Les experts considèrent le thorium comme l’une des ressources minérales les plus importantes, susceptible de bouleverser les équilibres énergétiques, technologiques, économiques et de sécurité nationale du monde. L’Égypte arrive en tête des pays possédant les plus grandes réserves de ce minerai, avec environ 380 000 tonnes, se classant au sixième rang mondial après l’Inde, le Brésil, les États-Unis, l’Australie et la Chine, et devant la Russie, le Canada et l’Afrique du Sud. Que réserve l’Égypte face aux défis et aux opportunités auxquels elle est confrontée dans sa transformation en puissance nucléaire et économique ?



Le thorium, une alternative plus sûre au combustible nucléaire
Par: Soha Gaafar
Le monde évolue vers une énergie propre , et les pays s’attachent à exploiter leurs ressources naturelles stratégiques pour renforcer leur sécurité énergétique et parvenir à un développement durable. L’Égypte se distingue comme l’un des plus grands pays disposant d’importantes réserves de thorium , désormais considéré mondialement comme une alternative plus sûre et plus efficace au combustible nucléaire que l’uranium.
Le thorium est un élément chimique naturel radioactif. Il constitue une alternative prometteuse à l’uranium pour la production d’énergie nucléaire. Il se caractérise par son rendement élevé et sa faible production de déchets radioactifs, ce qui en fait une option sûre et propre pour l’avenir énergétique.
Dr Ali Al-Idrisi, expert économique, a déclaré que l’Égypte possède environ 380 000 tonnes de thorium , une réserve suffisante, selon les études, pour produire de l’électricité pendant plus de 60 000 ans. Cela représente une occasion exceptionnelle de mettre en place un projet national d’énergie nucléaire alternative, compte tenu de la tendance mondiale vers les énergies propres.

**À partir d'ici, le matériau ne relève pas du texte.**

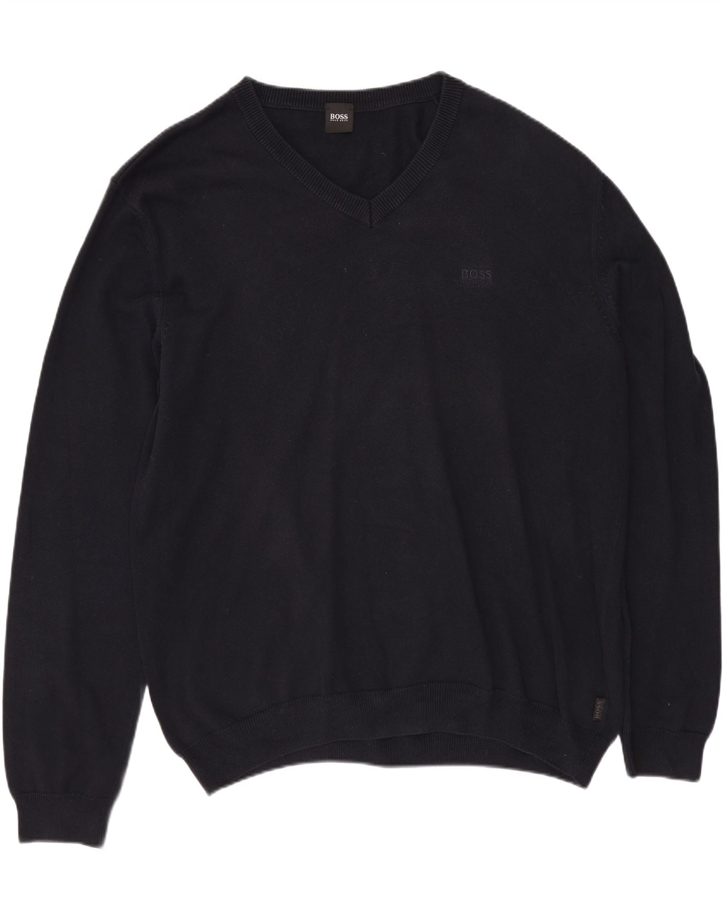 Suéter masculino HUGO BOSS com decote em V XL azul marinho algodão

Al-Idrisi a expliqué que le thorium a des coûts d’exploitation environ 20 % inférieurs à ceux de l’uranium et que ses réacteurs produisent jusqu’à 80 % de déchets nucléaires en moins, réduisant ainsi les coûts associés au traitement, au stockage et à l’assurance.
Il a souligné que le coût de construction d’un réacteur au thorium d’un gigawatt est estimé entre 3,5 et 5 milliards de dollars, tandis que celui d’un réacteur à uranium conventionnel est d’environ 7 milliards de dollars. Il a ajouté que la durée de vie d’un réacteur au thorium pourrait dépasser 60 ans, avec un rendement opérationnel atteignant 90 %.
Al-Idrisi a souligné qu’un tel projet pourrait attirer des investissements directs étrangers de 10 à 15 milliards de dollars au cours des cinq premières années, provenant d’entreprises et de pays comme l’Inde, la Chine, la Norvège et les États-Unis. Il a noté qu’un réseau de réacteurs au thorium pourrait permettre à l’Égypte d’exporter de l’électricité vers l’Europe via Chypre et la Grèce, et vers des pays arabes comme l’Arabie saoudite, la Libye et le Soudan, générant potentiellement des recettes d’exportation de 3 à 5 milliards de dollars par an d’ici 2040.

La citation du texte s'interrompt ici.